• Exercise requirements
What needs transcribing is the line with "10月14日上午,第九屆中國" and every line after it to the end of the records, exactly and alone, with no pictures.

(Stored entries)
<<<<

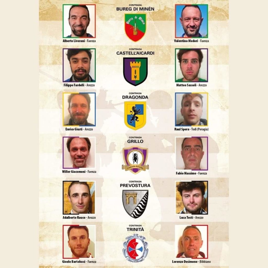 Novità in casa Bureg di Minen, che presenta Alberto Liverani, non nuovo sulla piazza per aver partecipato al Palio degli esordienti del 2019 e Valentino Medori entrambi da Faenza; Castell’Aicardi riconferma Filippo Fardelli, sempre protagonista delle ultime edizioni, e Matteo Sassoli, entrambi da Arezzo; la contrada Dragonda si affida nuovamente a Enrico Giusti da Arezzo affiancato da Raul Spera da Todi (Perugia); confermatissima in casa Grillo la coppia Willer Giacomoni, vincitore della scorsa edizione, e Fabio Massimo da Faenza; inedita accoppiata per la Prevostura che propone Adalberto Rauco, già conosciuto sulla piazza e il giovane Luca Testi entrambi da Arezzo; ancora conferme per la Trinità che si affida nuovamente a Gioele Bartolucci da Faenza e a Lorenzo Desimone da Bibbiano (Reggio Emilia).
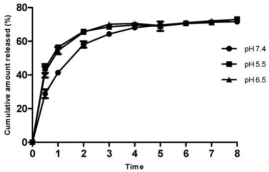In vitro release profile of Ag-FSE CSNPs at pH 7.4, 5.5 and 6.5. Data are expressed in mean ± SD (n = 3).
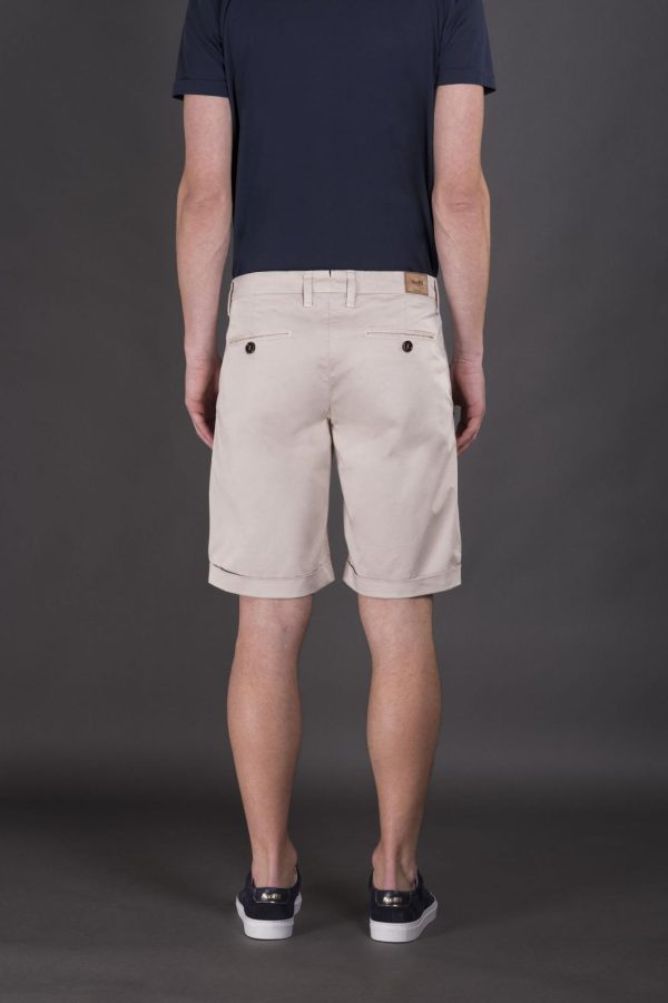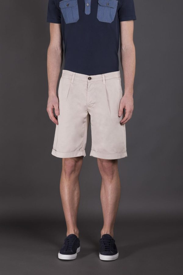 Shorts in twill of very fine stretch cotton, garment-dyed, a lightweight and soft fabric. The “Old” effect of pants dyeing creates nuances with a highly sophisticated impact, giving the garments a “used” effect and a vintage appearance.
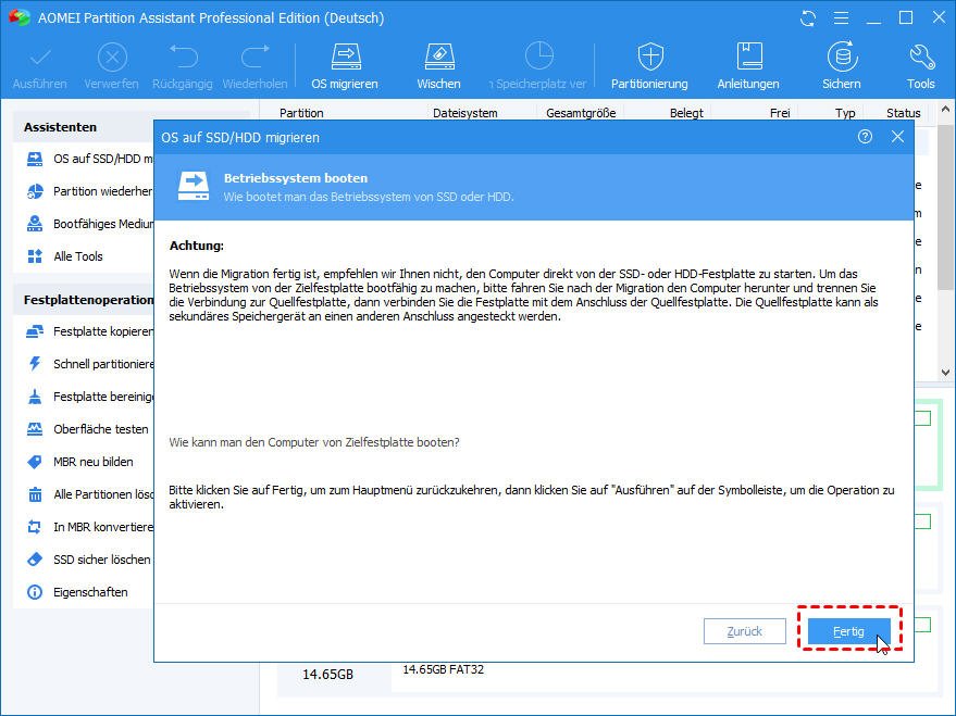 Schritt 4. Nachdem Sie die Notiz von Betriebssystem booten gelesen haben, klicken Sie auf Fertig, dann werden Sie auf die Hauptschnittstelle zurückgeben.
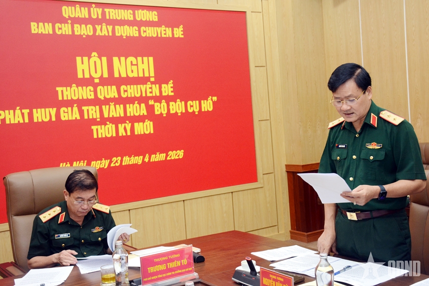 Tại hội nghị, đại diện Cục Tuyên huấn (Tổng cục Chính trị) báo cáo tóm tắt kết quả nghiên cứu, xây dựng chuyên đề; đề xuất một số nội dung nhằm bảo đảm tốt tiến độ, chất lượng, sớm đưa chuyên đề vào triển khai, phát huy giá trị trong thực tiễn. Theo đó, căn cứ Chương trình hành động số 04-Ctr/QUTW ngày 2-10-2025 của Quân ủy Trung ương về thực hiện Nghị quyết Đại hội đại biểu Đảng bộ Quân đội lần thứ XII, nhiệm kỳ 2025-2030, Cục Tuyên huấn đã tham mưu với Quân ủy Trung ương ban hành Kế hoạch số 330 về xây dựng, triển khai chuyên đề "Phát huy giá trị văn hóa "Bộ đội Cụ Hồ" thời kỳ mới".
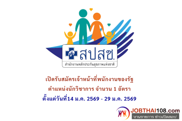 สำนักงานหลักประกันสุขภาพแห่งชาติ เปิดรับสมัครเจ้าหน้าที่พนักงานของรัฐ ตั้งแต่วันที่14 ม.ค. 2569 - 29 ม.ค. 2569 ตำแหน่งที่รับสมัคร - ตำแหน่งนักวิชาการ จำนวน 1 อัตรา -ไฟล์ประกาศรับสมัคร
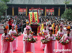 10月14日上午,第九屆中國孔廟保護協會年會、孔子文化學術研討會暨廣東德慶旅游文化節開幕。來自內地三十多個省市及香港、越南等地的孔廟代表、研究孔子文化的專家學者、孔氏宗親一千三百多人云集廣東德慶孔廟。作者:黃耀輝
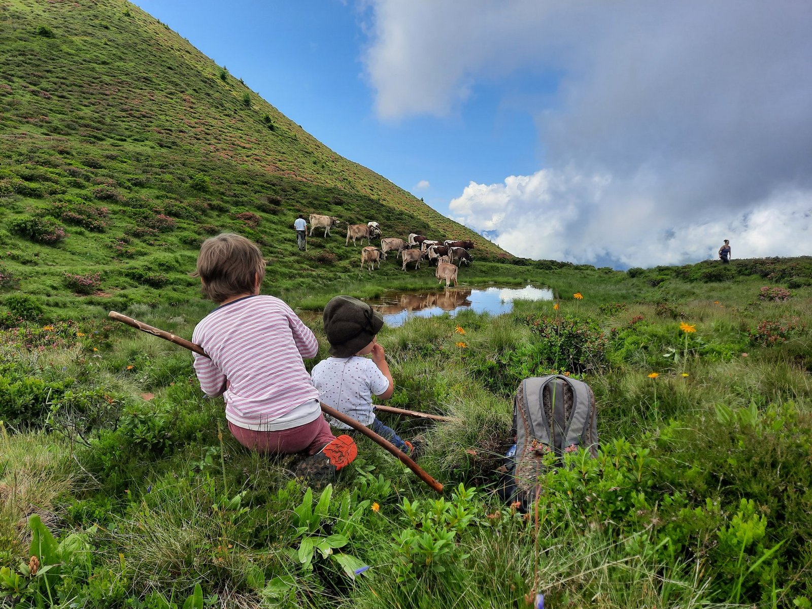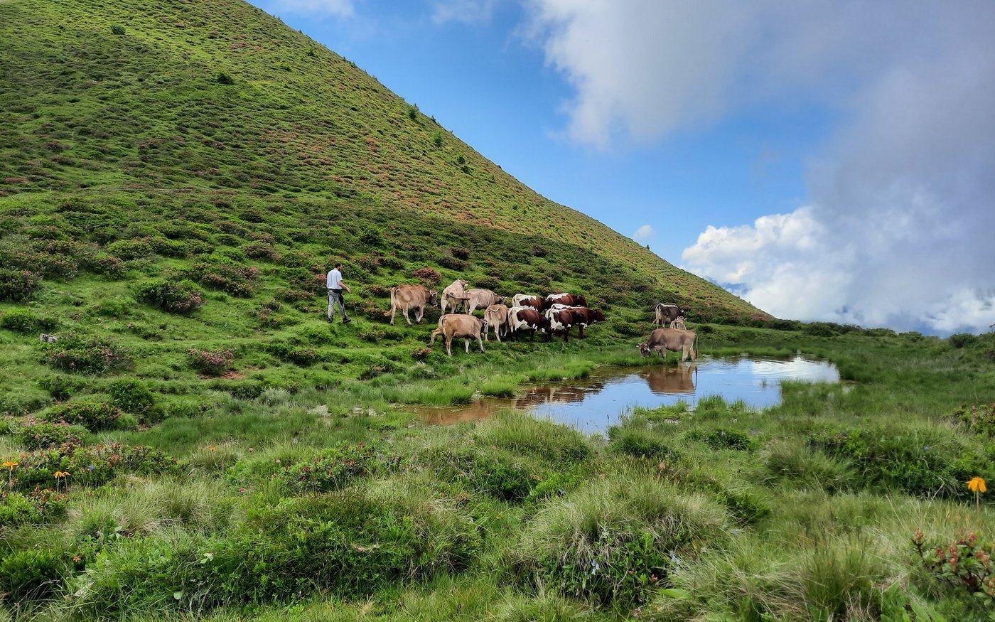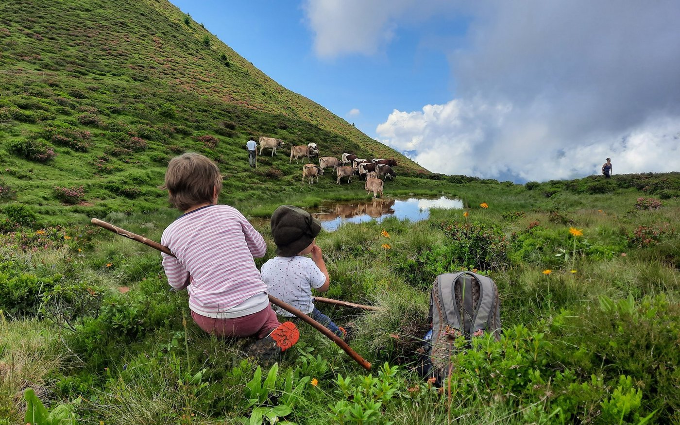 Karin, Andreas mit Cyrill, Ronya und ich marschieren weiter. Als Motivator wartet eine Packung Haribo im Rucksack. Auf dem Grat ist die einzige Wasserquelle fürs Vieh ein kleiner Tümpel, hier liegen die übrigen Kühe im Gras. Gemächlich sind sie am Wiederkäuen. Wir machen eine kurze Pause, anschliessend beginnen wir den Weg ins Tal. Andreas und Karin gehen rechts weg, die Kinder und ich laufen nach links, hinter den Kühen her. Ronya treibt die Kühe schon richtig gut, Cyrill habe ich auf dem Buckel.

>>>>

• Result of this task
 10月14日上午,第九屆中國孔廟保護協會年會、孔子文化學術研討會暨廣東德慶旅游文化節開幕。來自內地三十多個省市及香港、越南等地的孔廟代表、研究孔子文化的專家學者、孔氏宗親一千三百多人云集廣東德慶孔廟。作者:黃耀輝
 Karin, Andreas mit Cyrill, Ronya und ich marschieren weiter. Als Motivator wartet eine Packung Haribo im Rucksack. Auf dem Grat ist die einzige Wasserquelle fürs Vieh ein kleiner Tümpel, hier liegen die übrigen Kühe im Gras. Gemächlich sind sie am Wiederkäuen. Wir machen eine kurze Pause, anschliessend beginnen wir den Weg ins Tal. Andreas und Karin gehen rechts weg, die Kinder und ich laufen nach links, hinter den Kühen her. Ronya treibt die Kühe schon richtig gut, Cyrill habe ich auf dem Buckel.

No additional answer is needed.